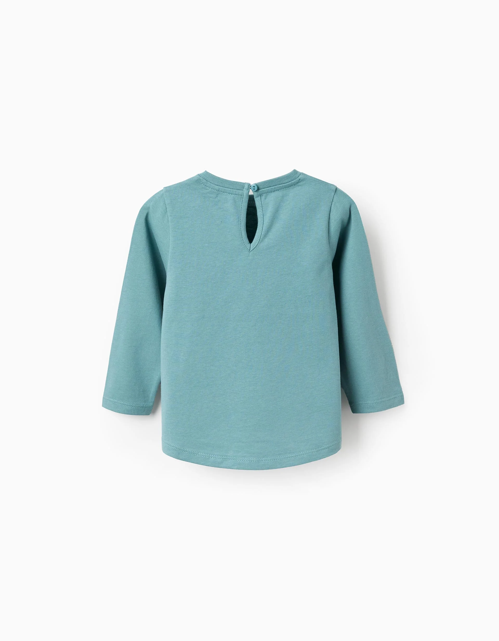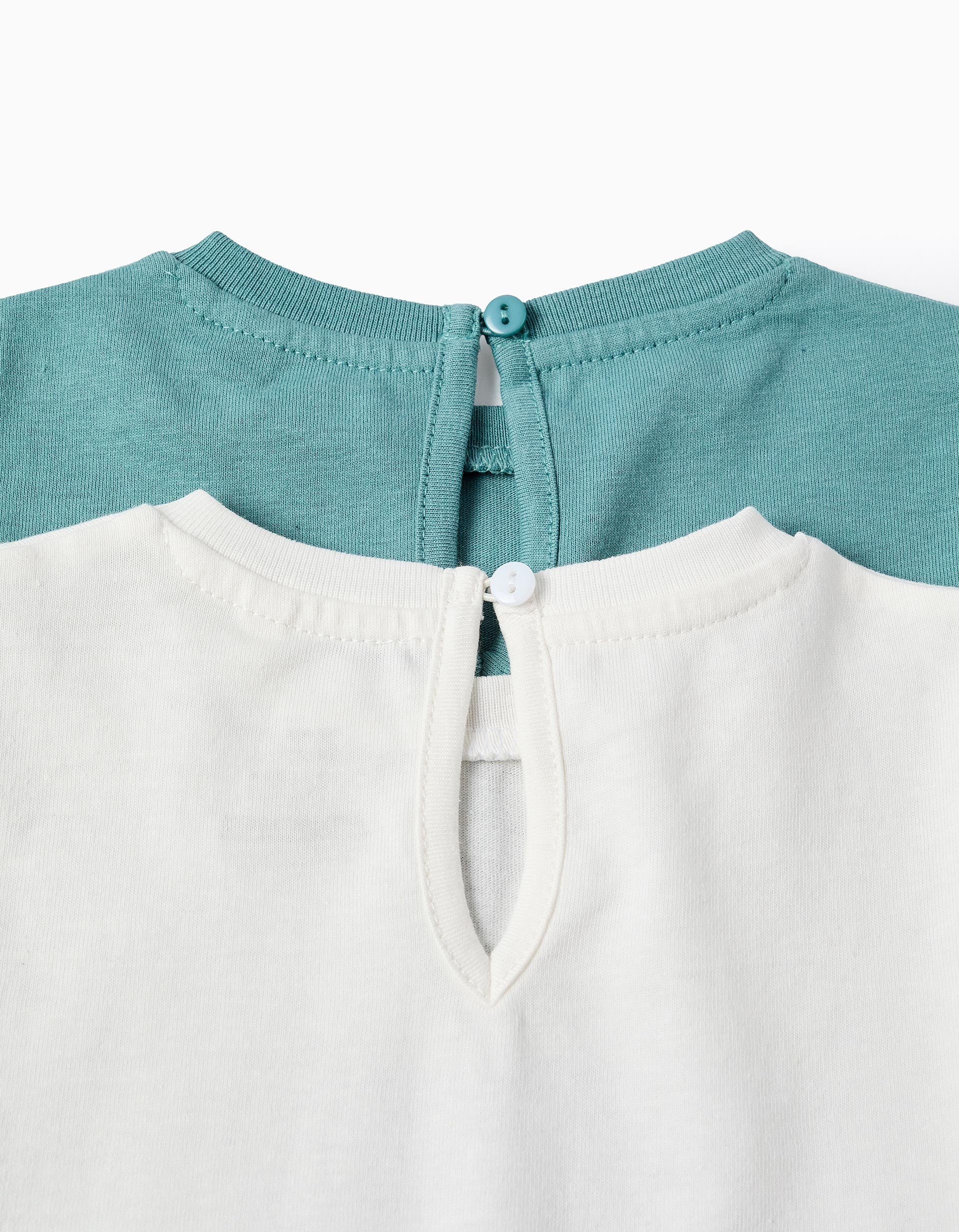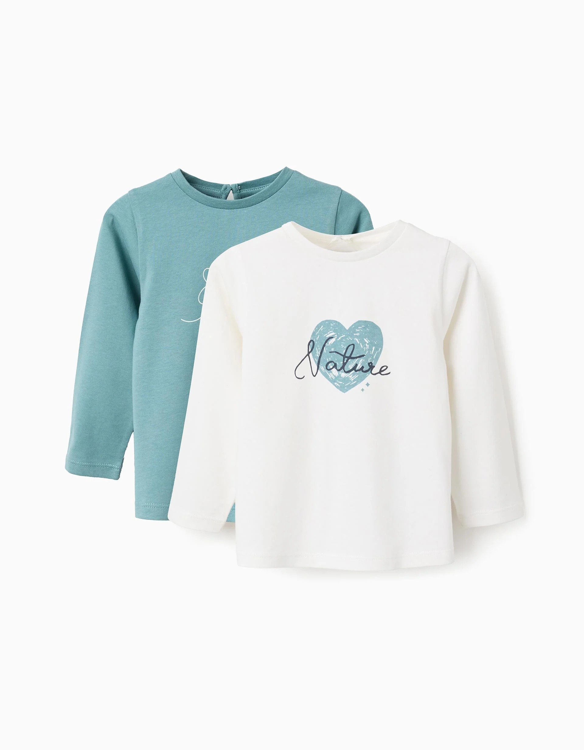 Lot de 2 t-shirts à manches longues pour bébé fille, blanc/turquoise
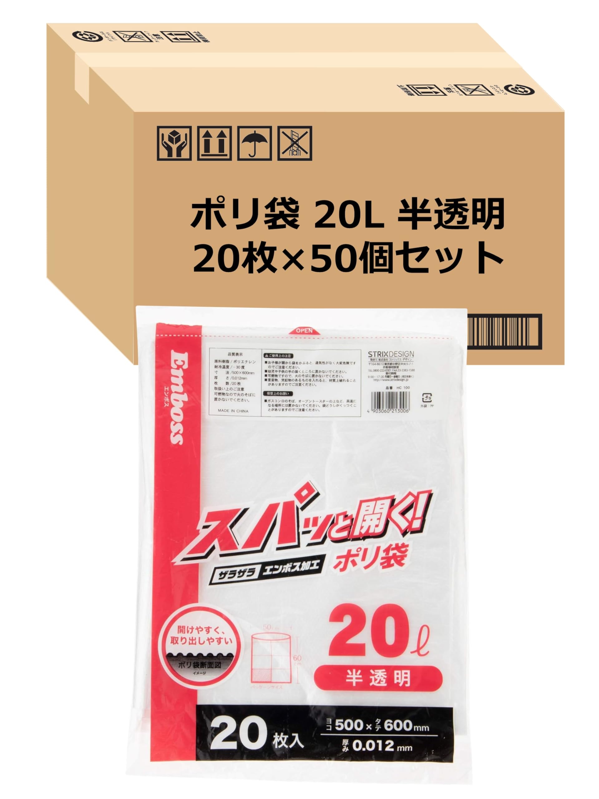 ストリックスデザイン ゴミ袋 スパッと開く! ポリ袋 20L 1000枚 (20枚×50セット) 半透明 エンボス加工 開けやすく取り出しやすい HC-100
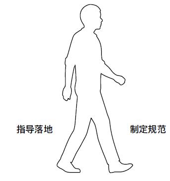 将架构工作做好犹如我们用两条腿走路一样,左腿迈出去表示“制定规范”,右腿跟上来表示“指导落地”,如图1-2所示。
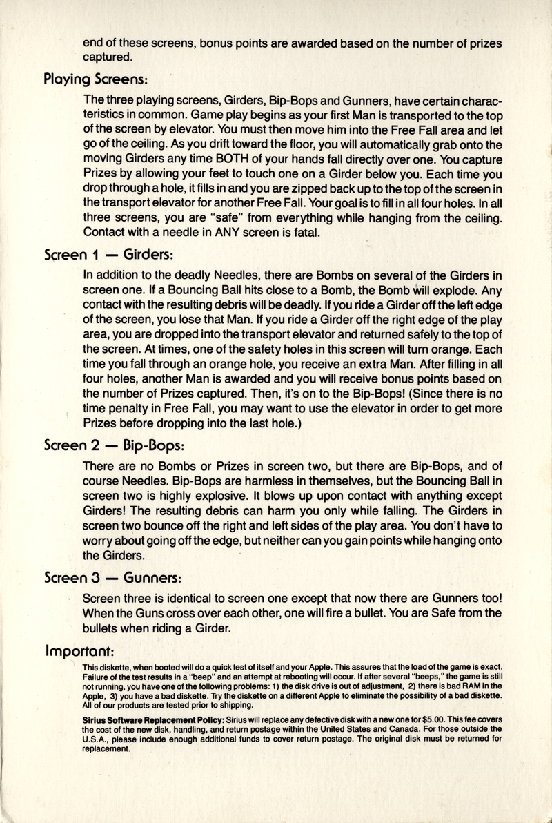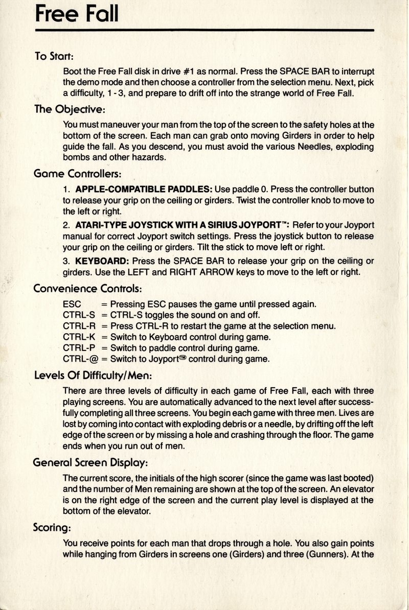 | DESCRIPTION | Documentation for the game "Free Fall", a fast action game from Sirius for the Apple II or II+ Computer with 48k and One Apple Disk Drive (1982) |
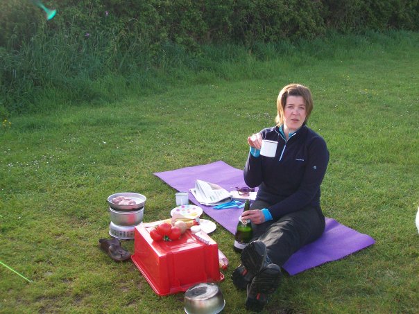 Rebecca is a great cook, and she managed to make lamb stew with spring potatoes and peas on a camp stove. Here she is doing her impression of a posh Oxfordshire camper, complete with pinky aloft.
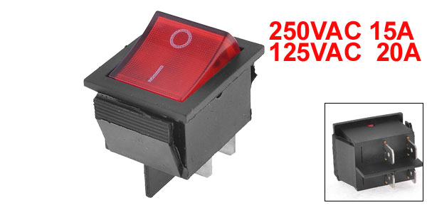 Red Light 4 Pin DPST ON/OFF Snap in Boat Rocker Switch 15A 250V AC
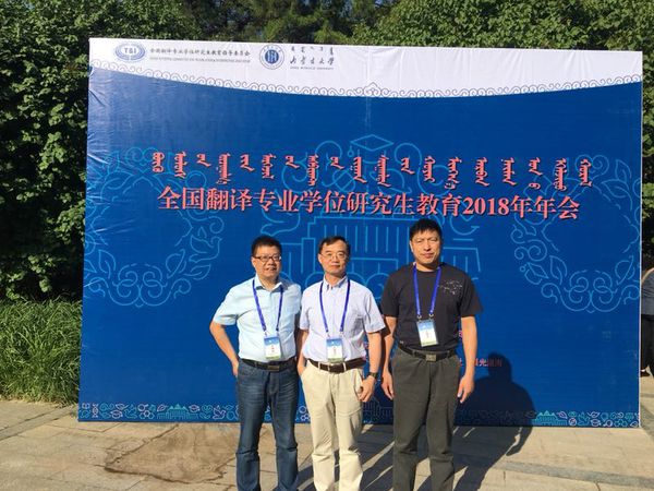 由全国翻译专业学位研究生教育指导委员会以及中国学位与研究生教育学会翻译专业学位工作委员会主办,内蒙古大学外国语学院承办的全国翻译专业学位研究生教育第十一届年会于2018年6月9日在内蒙古大学隆重召开。来自全国各地200余所高校、近500名与会代表围绕“‘双一流’背景下的翻译硕士教育”这一主题充分地进行了交流和学习。我校外国语学院副院长黄焰结教授和科研秘书杨会勇老师参加了此次盛会。

## Required action
Write out an exact copy of the lines beginning at the line that contains "将架构工作做好犹如我们用两条" and ending at the last line of the listing. Exclude pictures.

## Result of the exercise
 将架构工作做好犹如我们用两条腿走路一样,左腿迈出去表示“制定规范”,右腿跟上来表示“指导落地”,如图1-2所示。
 | DESCRIPTION | Documentation for the game "Free Fall", a fast action game from Sirius for the Apple II or II+ Computer with 48k and One Apple Disk Drive (1982) |
 Rebecca is a great cook, and she managed to make lamb stew with spring potatoes and peas on a camp stove. Here she is doing her impression of a posh Oxfordshire camper, complete with pinky aloft.
 Red Light 4 Pin DPST ON/OFF Snap in Boat Rocker Switch 15A 250V AC
 由全国翻译专业学位研究生教育指导委员会以及中国学位与研究生教育学会翻译专业学位工作委员会主办,内蒙古大学外国语学院承办的全国翻译专业学位研究生教育第十一届年会于2018年6月9日在内蒙古大学隆重召开。来自全国各地200余所高校、近500名与会代表围绕“‘双一流’背景下的翻译硕士教育”这一主题充分地进行了交流和学习。我校外国语学院副院长黄焰结教授和科研秘书杨会勇老师参加了此次盛会。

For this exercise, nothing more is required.